(Supplied data Opens)

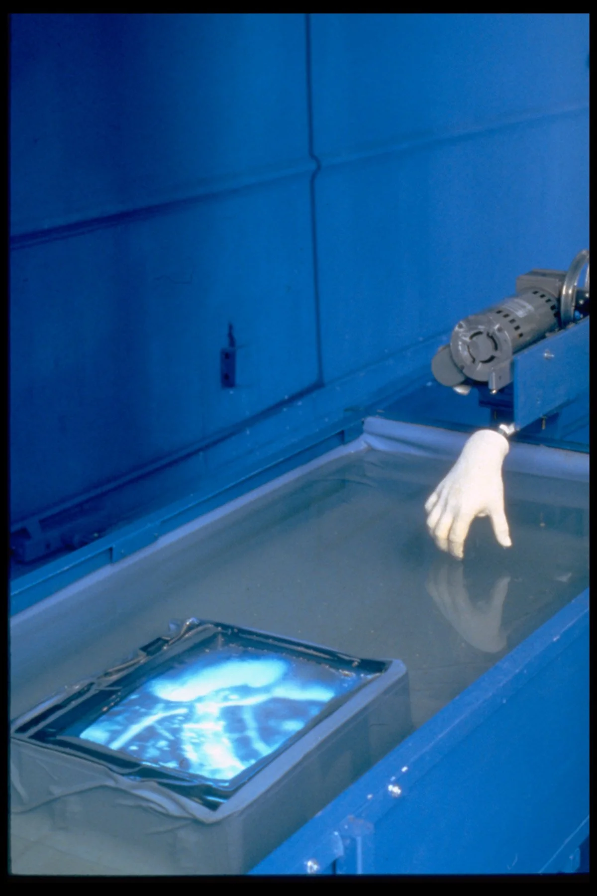 At the opposite end of the trough, a motorized hand goes off every few minutes to scratch the surface of the water, distorting the images on the screen. From the hand, four water spigots, in line drips to create steam onto four hot plates. Above the steamy atmosphere, hang empty white poly- propylene sand bags to fill the overhead space.
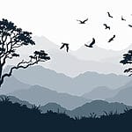 Wall murals Birds flying over a mountain range
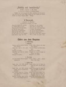 Teksty trzech utworów wokalnych o tematyce religijnej :motetu E. Grell'a, chorału Hasslera oraz chóru z "Requiem" Cherubiniego.
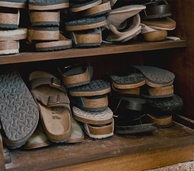 しかし、背に腹は代えられない、と最終的には2足を買って店を出ることになりました。本当は試すだけのつもりで。この日がラブストーリーの始まりです。「あの靴が私を救ってくれたのよ。足にとっては楽園みたいな存在になったの」。今でもあの時の悦びを思い出せるようです。「愛と憎しみのストーリーよね。本当に嫌いな靴だったのに、今はこれがなくちゃ生きていけないわ。本当に面白い話」。
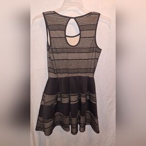 This elegant sleeveless dress features a chic black and cream design, perfect for any occasion. The stylish pattern adds a touch of sophistication to your wardrobe.
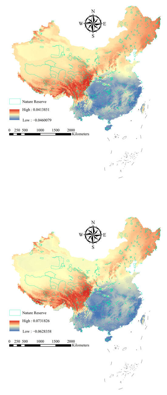 In order to assess the impacts of climate change on the risk of invasion, the logarithmic response ratio (RR) was calculated as RR = ln (Xf/Xc), where Xc and Xf represent the mean invasion risk scores for grid cells within each nature reserve under current and future climate conditions, respectively [79]. This metric is employed to quantify the proportional change in invasion risk, with positive RR values denoting elevated future risk and negative values indicating reduced vulnerability. The RR transformation provides a standardized measure of climate-mediated risk shifts across reserves while maintaining the ratio’s original proportionality [80].
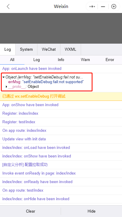wx.setEnableDebug({ enableDebug: true, complete(res){ console.log(res) } })试了下pc的微信小程序 返回not supported
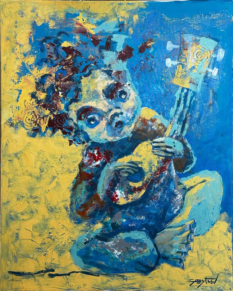 ORIGINAL painting 30"x24" Ukulele This painting is ready to hang: I've attached the wire to the back, and this canvas goes as is, no frame needed (unless you want it) Something cute and funny sometimes I see on my underpainting. Sometimes I need more time, sometimes less to see something which I r...
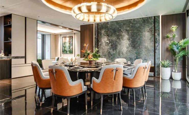 比如私宴会客厅,将餐厅、厨房、水吧、茶台等统统配齐,且餐厅背景墙采用的都是整面岩板,商务宴请时格调拉满!
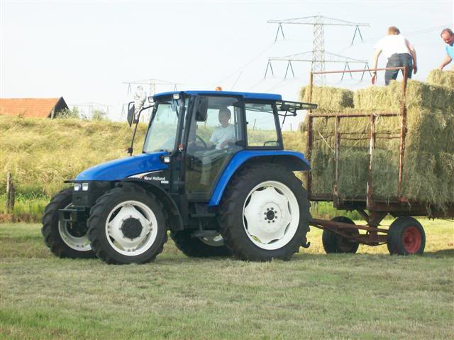 New Holland TL 100 met platte wagen en Ford 3940 met voorlader en balenklem.
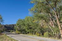 A lone motorcycle is seen traveling through a rugged landscape on a deserted road with a long yellow strip. The clear sky above contrasts with the lush vegetation and woody plants along the path. A perfect day for a recreational ride in nature.
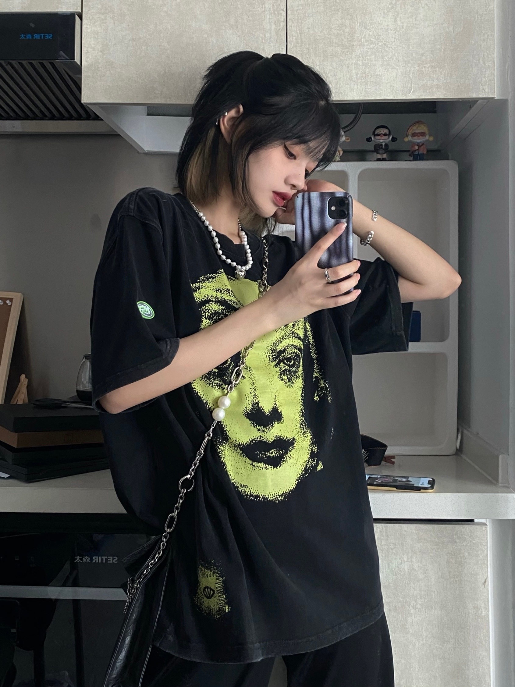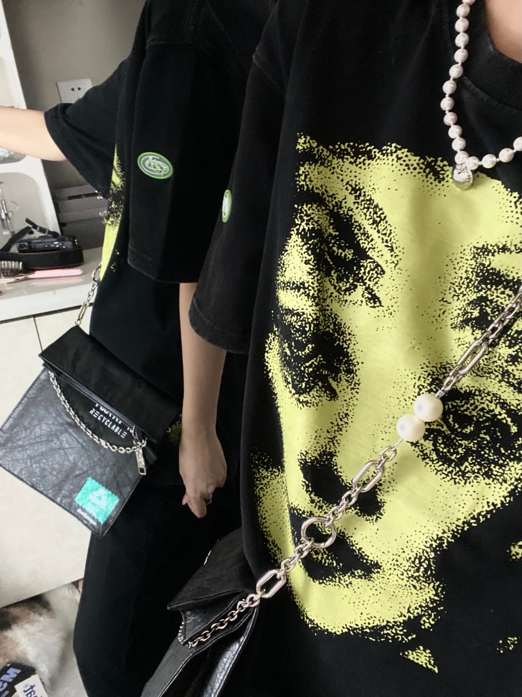这款T恤的人脸印花非常具有特色,用线条将人脸切割开来,错落放置,不走寻常路,个性十足;冰蓝色作为重要的点缀色,提亮整体色调,带来更独特的视觉效果。
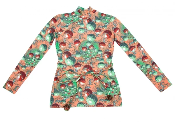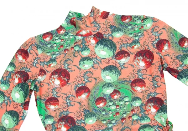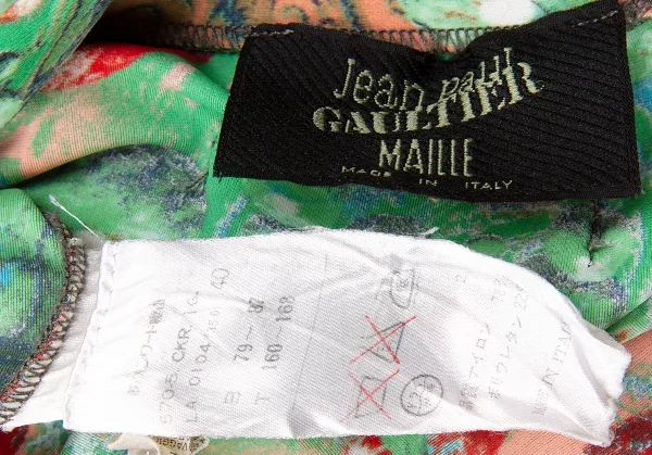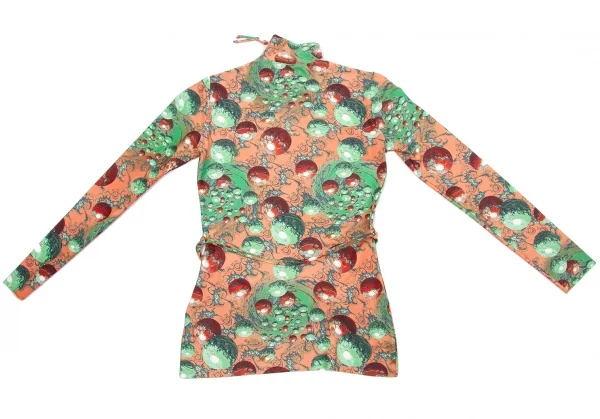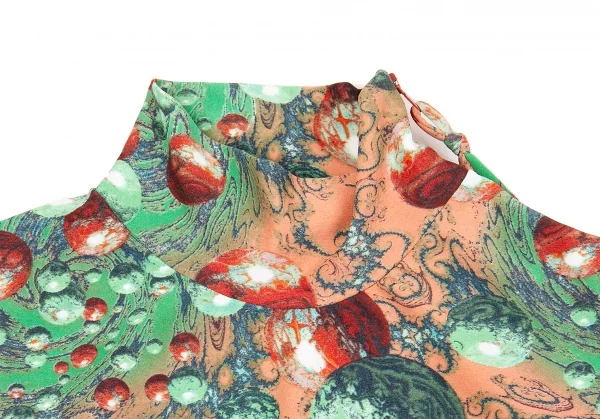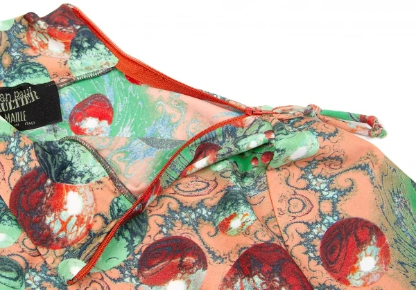 ジャンポールゴルチエマイユJean Paul GAULTIER MAILLE ショルダージップナイロンプリントカットソー レンガグリーンエンジ他40

(Supplied data Closes)

Using the data above, give again exactly the lines starting at the one holding "Teksty trzech utworów" and ending at the one holding "しかし、背に腹は代えられない", inclusive, and nothing more. Omit the pictures.

» **Your response**
 Teksty trzech utworów wokalnych o tematyce religijnej :motetu E. Grell'a, chorału Hasslera oraz chóru z "Requiem" Cherubiniego.
 しかし、背に腹は代えられない、と最終的には2足を買って店を出ることになりました。本当は試すだけのつもりで。この日がラブストーリーの始まりです。「あの靴が私を救ってくれたのよ。足にとっては楽園みたいな存在になったの」。今でもあの時の悦びを思い出せるようです。「愛と憎しみのストーリーよね。本当に嫌いな靴だったのに、今はこれがなくちゃ生きていけないわ。本当に面白い話」。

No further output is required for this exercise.